An anonymous reader writes: A Kurdish region of Syria that borders territory held by the Islamic State militant group (ISIS) has received an $11,000 donation in allegedly stolen bitcoin from a vigilante hacker. (paywalled, alternate source) The pseudonymous Phineas Fisher donated 25 bitcoins to a crowdfunding campaign set up by members of the Rojava region's economic committee, described by Fisher as "one of the most inspiring revolutionary projects in the world." Fisher claims that the bitcoin donation, recorded publicly on the blockchain ledger and listed on the crowdfunding campaign page, came from hacking into a bank. "The money did come from robbing a bank," Fisher said. "Bank robbing is more viable than ever, it's just done differently these days."Phisher adds: "Unfortunately, our world is backwards. You get rich by doing bad things and go to jail for doing good."

2 of 66 comments (clear)

  1. No, it is NOT fuzzy by ClickOnThis · · Score: 5, Informative

    Stolen property is stolen property. You can't un-steal it by giving it to a cause, no matter how worthy.

    --
    If it weren't for deadlines, nothing would be late.
    1. Re:No, it is NOT fuzzy by Anonymous Coward · · Score: 2, Informative

      Wow, it's 2016 and people still believe this bullshit?

      Over half of the subprime mortgages were created by non-bank entities that the government did not regulate (like General Motors, who had sunk a ton of money into a website you might have heard of called "ditech.com" ... any wonder why they needed a bailout when the other car companies didn't?).
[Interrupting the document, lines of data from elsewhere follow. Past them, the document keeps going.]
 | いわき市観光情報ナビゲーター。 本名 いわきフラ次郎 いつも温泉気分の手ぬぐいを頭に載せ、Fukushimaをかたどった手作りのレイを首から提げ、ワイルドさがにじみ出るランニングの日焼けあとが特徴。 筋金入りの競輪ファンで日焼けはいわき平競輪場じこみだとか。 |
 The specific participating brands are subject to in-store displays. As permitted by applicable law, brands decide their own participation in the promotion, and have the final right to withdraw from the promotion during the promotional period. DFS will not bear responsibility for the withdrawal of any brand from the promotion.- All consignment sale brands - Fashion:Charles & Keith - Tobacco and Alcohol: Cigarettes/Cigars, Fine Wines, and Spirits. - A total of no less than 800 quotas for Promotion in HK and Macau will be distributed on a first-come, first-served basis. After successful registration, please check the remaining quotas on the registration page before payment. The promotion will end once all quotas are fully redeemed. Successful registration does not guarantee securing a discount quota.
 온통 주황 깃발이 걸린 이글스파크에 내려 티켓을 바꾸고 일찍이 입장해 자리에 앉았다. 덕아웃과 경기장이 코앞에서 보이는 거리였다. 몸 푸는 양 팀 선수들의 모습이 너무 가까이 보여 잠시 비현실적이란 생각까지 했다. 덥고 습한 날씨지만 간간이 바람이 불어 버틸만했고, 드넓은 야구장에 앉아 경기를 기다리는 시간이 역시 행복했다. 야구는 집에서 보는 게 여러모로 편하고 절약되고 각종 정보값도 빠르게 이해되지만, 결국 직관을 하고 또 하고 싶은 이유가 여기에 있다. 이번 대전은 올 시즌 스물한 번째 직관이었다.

Further, even with the anti-redlining rules in place, the regulations that the government had still mandated that some level of due diligence was required. The undocumented NINJA loans were completely noncompliant with even the reduced requirements for subprime loans. Banks created those loans themselves all on their own initiative because they believed that they could get them rated AAA++++ and sold on to other suckers without being left holding the bag.
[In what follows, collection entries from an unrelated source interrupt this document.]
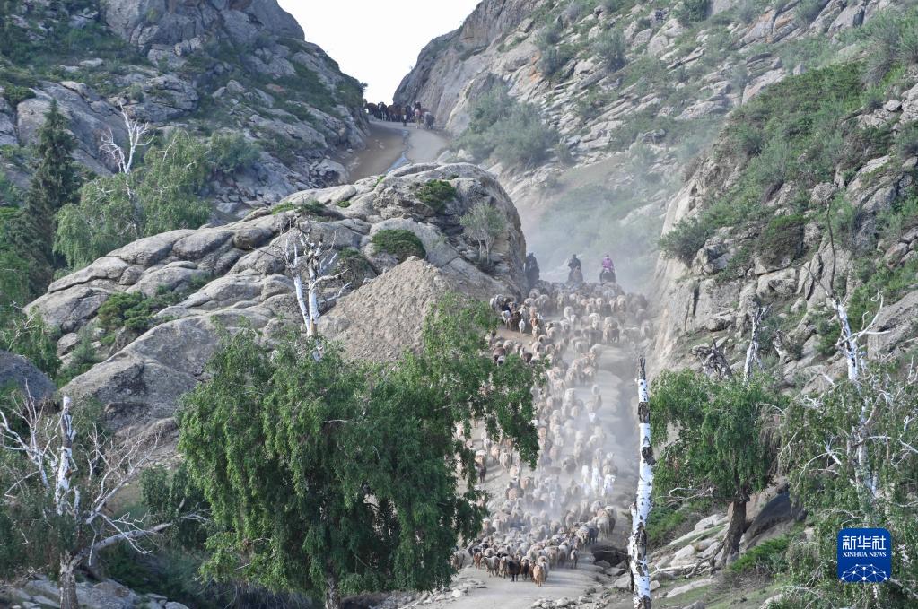6月5日,在新疆阿勒泰地区福海县沙尔布拉克春秋牧场转往夏季牧场的牧道上,牧民赶着牲畜向夏季牧场进发。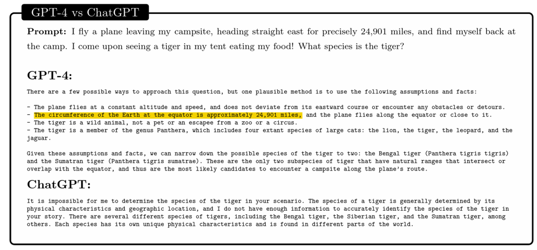 同样的,ChatGPT直接放弃了回答,但GPT-4给出了正确的答案:任何生活在赤道上的老虎物种,例如孟加拉虎和苏门答腊虎。在这个谜题里,AI需要知道地球赤道长24901英里,只有在赤道上才能向东或向西行驶并返回同一点,以及哪些老虎物种生活在赤道上。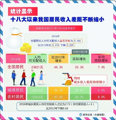 例如,在上世纪90年代和21世纪第一个十年,工资提高和居民收入增长滞后于劳动生产率的提高,其中农民收入增长的滞后程度更为明显,造成这一时期城乡收入差距扩大、居民收入基尼系数上升以及劳动报酬在国民收入中的份额下降等不利于收入分配改善的结果。在此之后,城乡居民收入增长实现了与劳动生产率提高的同步,甚至一些群体的收入还略快于劳动生产率提高速度。相应地,收入分配状况也开始得到改善。2016年,城乡收入差距缩小到2.36,基尼系数下降为0.465。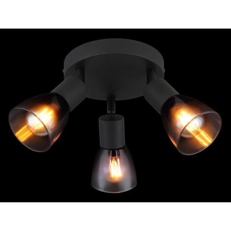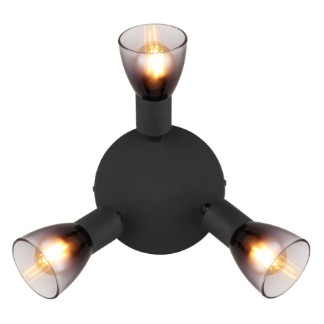 GL-54312-3 Stropní svítidlo, kov černý, sklo kouřové, průhledné, ø:220mm, V:165mm, bez žárovek 3xE14, max. 25W 230V -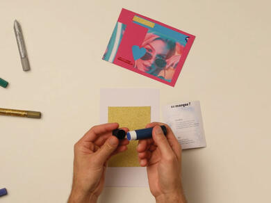 - Step 3: Apply the glue close to the edges of the back of the piece of card with firm, even strokes. The glue goes on blue, before drying clear, so you can see exactly where your glue is going.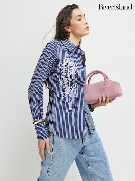 River Island Blue Embroidered Motif Long Sleeve Shirt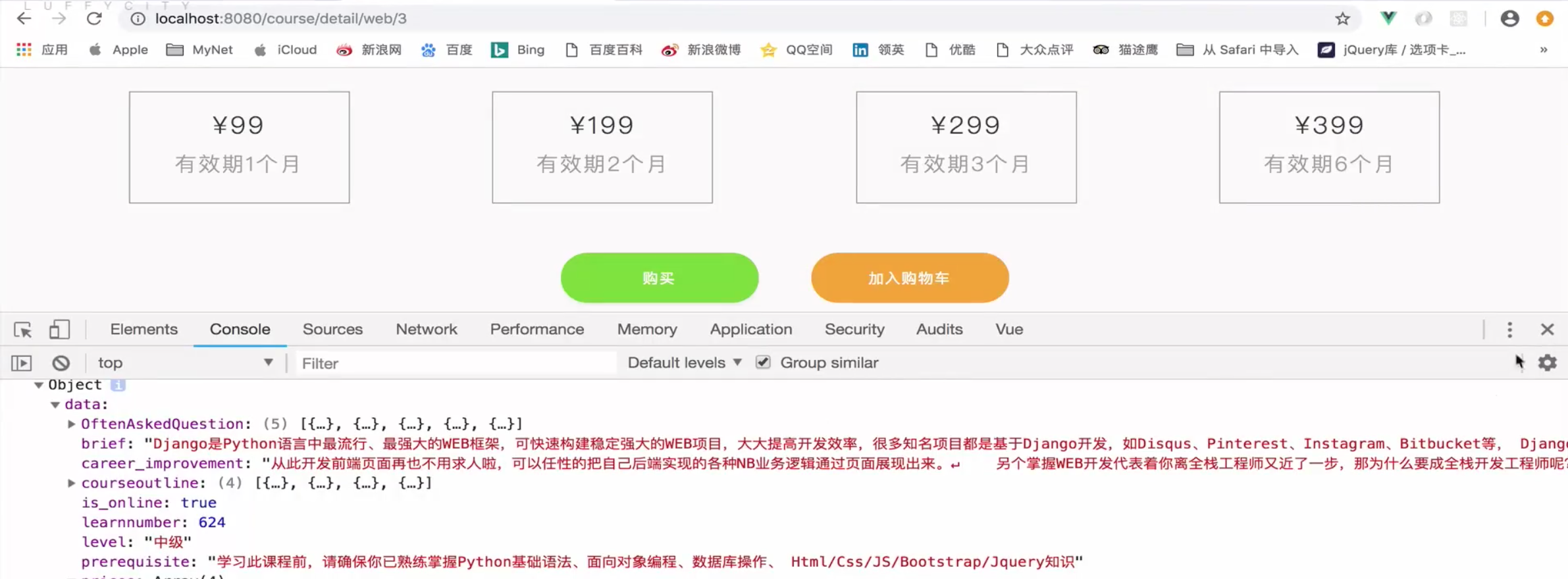 <!-- 课程详情 --> <div class="course-detail"> <div class="container"> <!-- v-html会将元素当成HTML标签解析后输出 --> <section class="course_item" v-html="content"></section> </div> </div> <div class="course-price"> <div class="container"> <span>可以根据不同的学习情况购买不一样的学习套餐哦!</span> <ul class="course-price-item" > <li v-for="(item, index) in coursedetail.prices" :key="item.id"> <p class="price">¥{{item.price}}</p> <p class="time">有效期{{item.valid_period_name}}</p> </li> </ul> <div class="course-action"> <button class="left">购买</button> <button class="right">加入购物车</button> </div> </div> </div>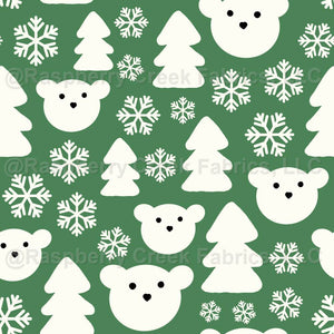 Polar Bear Snowy Forest in Pine Green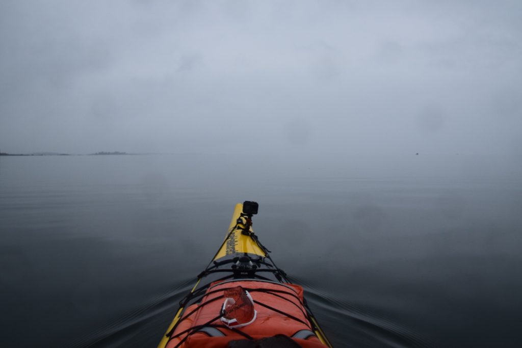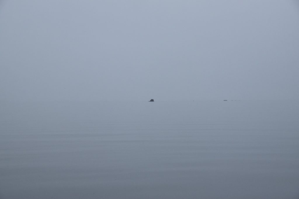 Kort därefter blev världen i gråskala. Eller i silver, om man vill känna sig lite mer positiv. Dimma kom och gick. Himlen var grå. Vattnet färgades grått och likaså träden som jag såg på avstånd.

      If you want someone to blame for the mess, then if Moodys, SnP, and the rest had actually reviewed the documentation (or lack thereof) and rated these loans junk, Fannie and Freddie wouldn't have bought any of them to back their prime mortgage insurance. Of course, neither would anyone else, and the banks would have quickly stopped creating these instruments when they ended up without any suckers to sell them to.